Your assignment:
Repeat only the lines below that run from the line with "Some basic fundamentals" to the line with "Чергову сумну звістку", ends included; skip every picture.

── Input ──

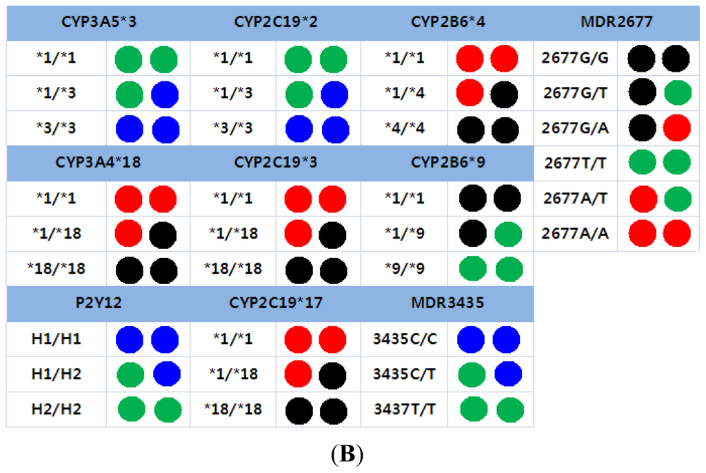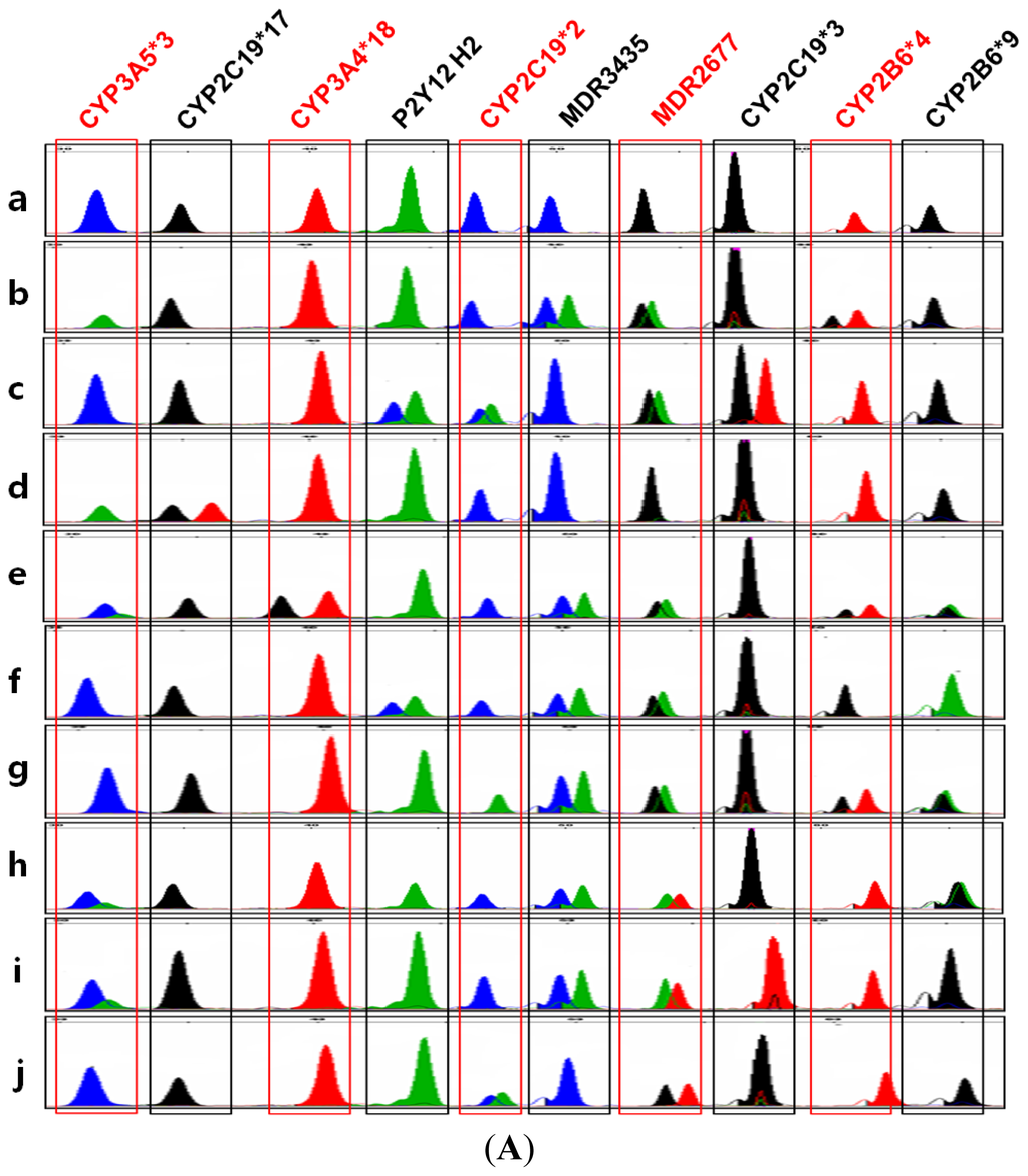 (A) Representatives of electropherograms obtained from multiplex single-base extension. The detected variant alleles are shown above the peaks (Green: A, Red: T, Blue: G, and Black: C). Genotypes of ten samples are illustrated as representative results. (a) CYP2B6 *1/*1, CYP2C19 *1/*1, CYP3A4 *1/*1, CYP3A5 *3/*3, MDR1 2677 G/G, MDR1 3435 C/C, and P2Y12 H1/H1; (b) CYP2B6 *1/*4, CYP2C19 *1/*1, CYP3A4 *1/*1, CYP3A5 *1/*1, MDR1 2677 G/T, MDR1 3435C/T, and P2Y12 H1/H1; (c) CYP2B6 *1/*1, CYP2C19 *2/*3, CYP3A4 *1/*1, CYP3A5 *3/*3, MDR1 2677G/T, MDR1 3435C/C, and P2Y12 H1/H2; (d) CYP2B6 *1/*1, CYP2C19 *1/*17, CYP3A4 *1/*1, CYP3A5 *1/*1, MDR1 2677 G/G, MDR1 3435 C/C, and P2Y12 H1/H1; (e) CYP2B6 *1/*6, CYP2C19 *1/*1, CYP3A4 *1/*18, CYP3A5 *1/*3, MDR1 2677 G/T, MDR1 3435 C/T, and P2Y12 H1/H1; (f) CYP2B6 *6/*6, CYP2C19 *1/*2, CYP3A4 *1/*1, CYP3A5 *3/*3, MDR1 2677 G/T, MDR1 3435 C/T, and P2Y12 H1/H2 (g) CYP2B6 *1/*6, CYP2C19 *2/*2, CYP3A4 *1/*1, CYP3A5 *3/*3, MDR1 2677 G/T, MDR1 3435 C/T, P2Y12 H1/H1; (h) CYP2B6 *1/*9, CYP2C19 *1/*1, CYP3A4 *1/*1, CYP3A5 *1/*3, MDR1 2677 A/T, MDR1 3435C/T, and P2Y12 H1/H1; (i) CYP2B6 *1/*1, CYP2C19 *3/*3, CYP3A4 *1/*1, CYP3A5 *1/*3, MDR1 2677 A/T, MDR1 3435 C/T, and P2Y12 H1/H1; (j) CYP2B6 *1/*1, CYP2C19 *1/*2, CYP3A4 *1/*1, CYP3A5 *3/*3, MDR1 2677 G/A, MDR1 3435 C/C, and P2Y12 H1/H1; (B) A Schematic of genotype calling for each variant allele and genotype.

───
── Input ──

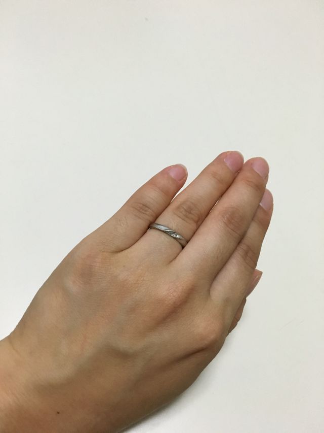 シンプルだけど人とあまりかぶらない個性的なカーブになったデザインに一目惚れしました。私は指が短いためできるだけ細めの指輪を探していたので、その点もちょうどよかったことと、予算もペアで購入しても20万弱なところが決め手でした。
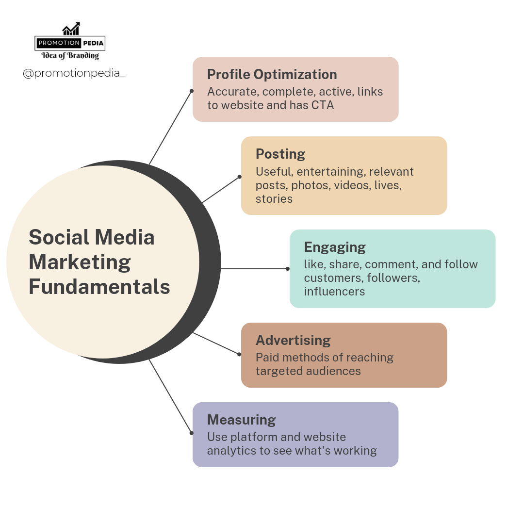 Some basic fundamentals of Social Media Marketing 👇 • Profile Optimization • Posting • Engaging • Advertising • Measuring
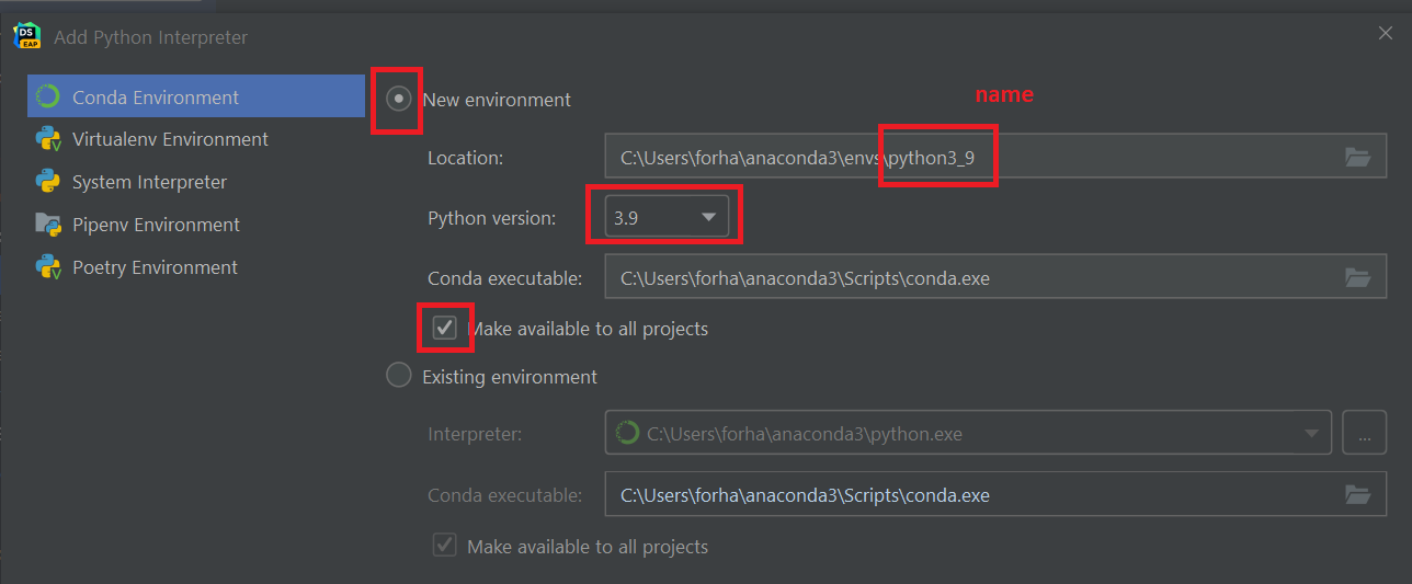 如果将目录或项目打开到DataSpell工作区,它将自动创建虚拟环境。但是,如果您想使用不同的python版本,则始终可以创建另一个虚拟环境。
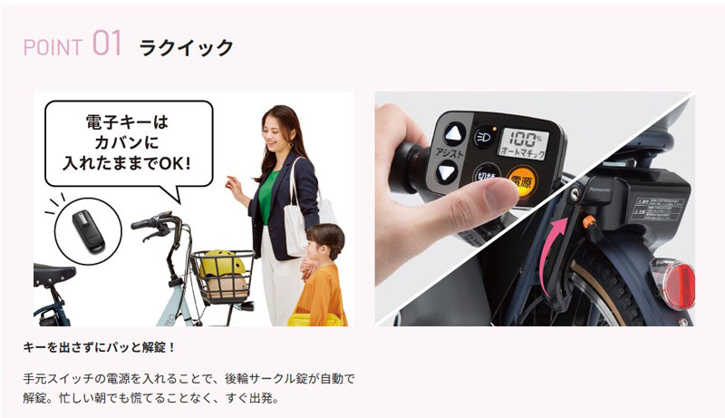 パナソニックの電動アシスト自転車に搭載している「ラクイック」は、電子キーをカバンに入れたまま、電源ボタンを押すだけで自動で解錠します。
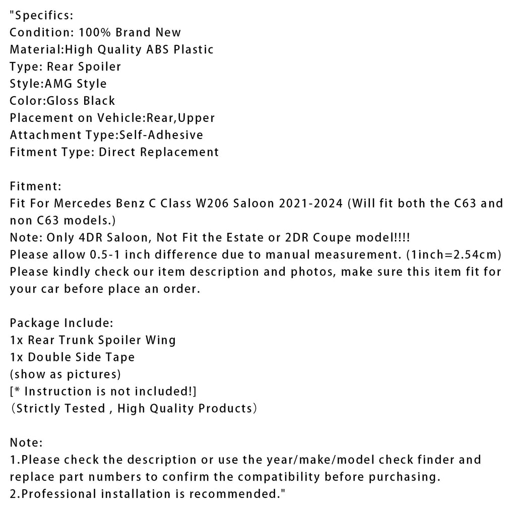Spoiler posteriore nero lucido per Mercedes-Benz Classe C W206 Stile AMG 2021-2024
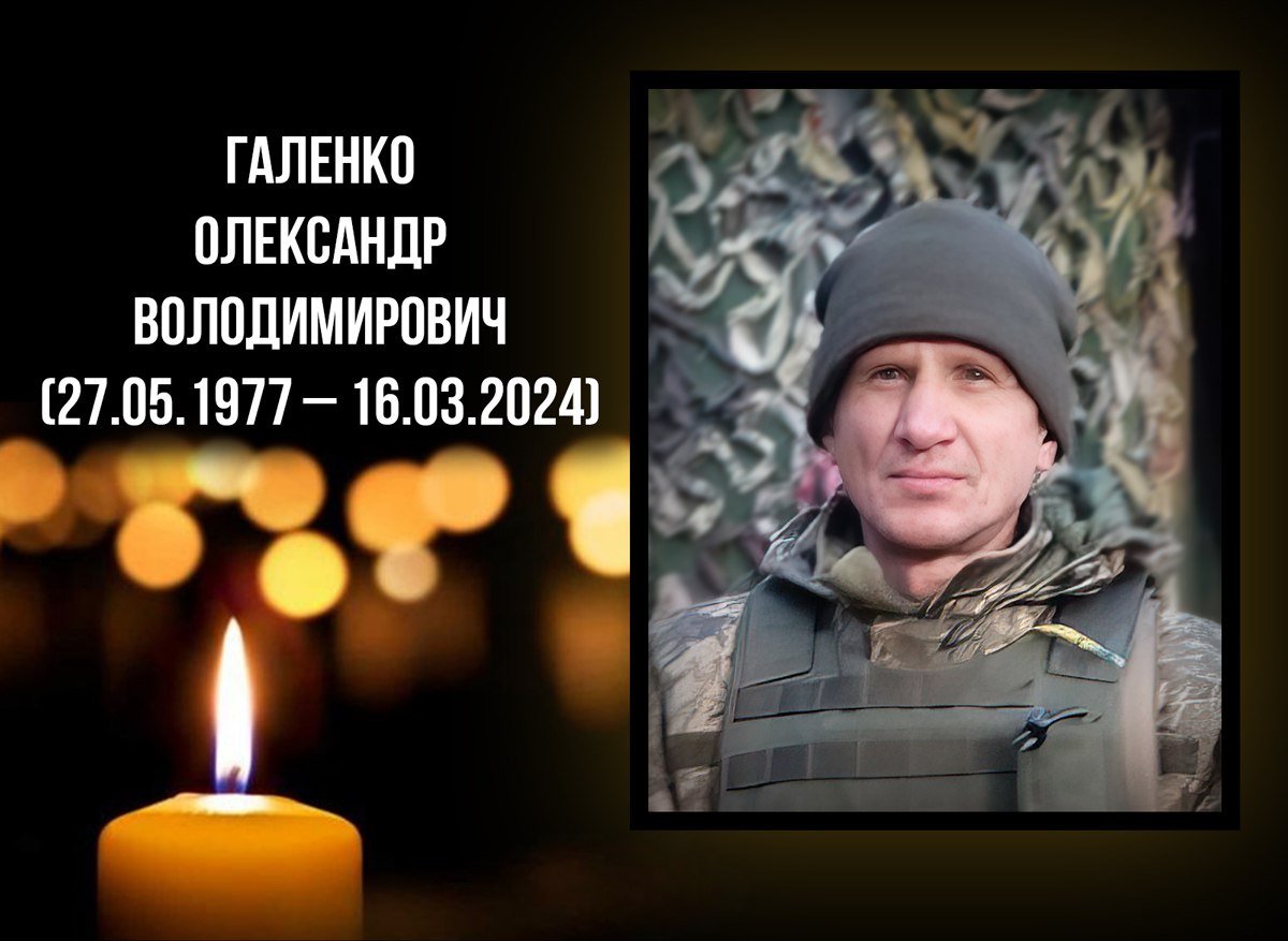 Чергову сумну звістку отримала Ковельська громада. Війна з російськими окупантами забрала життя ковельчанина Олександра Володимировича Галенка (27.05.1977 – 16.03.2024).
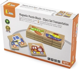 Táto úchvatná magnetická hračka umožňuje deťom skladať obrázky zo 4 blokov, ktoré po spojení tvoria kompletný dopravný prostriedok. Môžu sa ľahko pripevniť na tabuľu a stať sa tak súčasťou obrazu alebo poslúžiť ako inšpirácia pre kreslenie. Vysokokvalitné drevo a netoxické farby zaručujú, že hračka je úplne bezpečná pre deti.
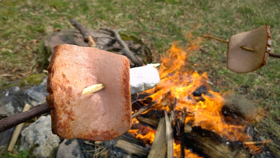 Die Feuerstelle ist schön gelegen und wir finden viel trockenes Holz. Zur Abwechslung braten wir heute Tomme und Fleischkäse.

───

Solution for this exercise:
 Some basic fundamentals of Social Media Marketing 👇 • Profile Optimization • Posting • Engaging • Advertising • Measuring
 如果将目录或项目打开到DataSpell工作区,它将自动创建虚拟环境。但是,如果您想使用不同的python版本,则始终可以创建另一个虚拟环境。
 パナソニックの電動アシスト自転車に搭載している「ラクイック」は、電子キーをカバンに入れたまま、電源ボタンを押すだけで自動で解錠します。
Spoiler posteriore nero lucido per Mercedes-Benz Classe C W206 Stile AMG 2021-2024
 Чергову сумну звістку отримала Ковельська громада. Війна з російськими окупантами забрала життя ковельчанина Олександра Володимировича Галенка (27.05.1977 – 16.03.2024).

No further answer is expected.